Mohit Bansal - Multimodal Generative LLMs: Unification, Interpretability, Evaluation


In this talk, I will present our journey of large-scale multimodal pretrained (generative) models across various modalities (text, images, videos, audio, layouts, etc.) and enhancing important aspects such as unification, efficiency, interpretability, and evaluation. We will start by discussing early cross-modal vision-and-language pretraining models (LXMERT). We will then look at early unified models (VL-T5) to combine several multimodal tasks (such as visual QA, referring expression comprehension, visual entailment, visual commonsense reasoning, captioning, and multimodal translation) by treating all tasks as text generation. We will also look at recent advanced unified models (with joint objectives and architecture, as well as newer unified modalities during encoding and decoding) such as textless video-audio transformers (TVLT), vision-text-layout transformers for universal document processing (UDOP), and composable any-to-any text-audio-image-video multimodal generation (CoDi). Second, we will discuss interpretable and controllable multimodal generation (to improve faithfulness) via LLM-based planning and programming, such as layout-controllable image generation via visual programming (VPGen), consistent multi-scene video generation via LLM-guided planning (VideoDirectorGPT), and open-domain, open-platform diagram generation (DiagrammerGPT). I will conclude with important faithfulness and bias evaluation aspects of multimodal generation models, based on fine-grained skill and social bias evaluation (DALL-Eval), as well as interpretable and explainable visual programs (VPEval).

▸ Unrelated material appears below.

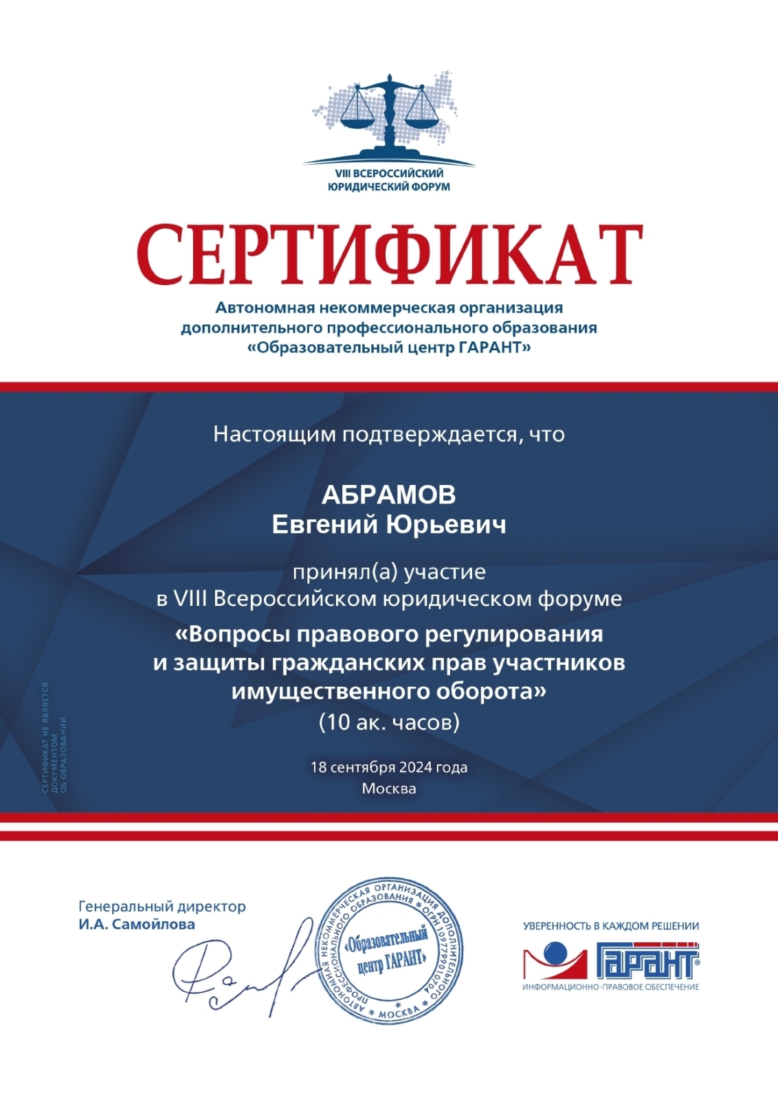 Юрист Абрамов Евгений Юрьевич, Таганрог - отзывы

Dr. Mohit Bansal is the John R. & Louise S. Parker Professor and the Director of the MURGe-Lab (UNC-NLP Group) in the Computer Science department at UNC Chapel Hill. He received his PhD from UC Berkeley in 2013 and his BTech from IIT Kanpur in 2008. His research expertise is in natural language processing and multimodal machine learning, with a particular focus on multimodal generative models, grounded and embodied semantics, faithful language generation, and interpretable and generalizable deep learning. He is a recipient of IIT Kanpur Young Alumnus Award, DARPA Director's Fellowship, NSF CAREER Award, Google Focused Research Award, Microsoft Investigator Fellowship, Army Young Investigator Award (YIP), DARPA Young Faculty Award (YFA), and outstanding paper awards at ACL, CVPR, EACL, COLING, and CoNLL. He has been a keynote speaker for the AACL 2023, CoNLL 2023, and INLG 2022 conferences. His service includes ACL Executive Committee, ACM Doctoral Dissertation Award Committee, CoNLL Program Co-Chair, ACL Americas Sponsorship Co-Chair, and Associate/Action Editor for TACL, CL, IEEE/ACM TASLP, and CSL journals.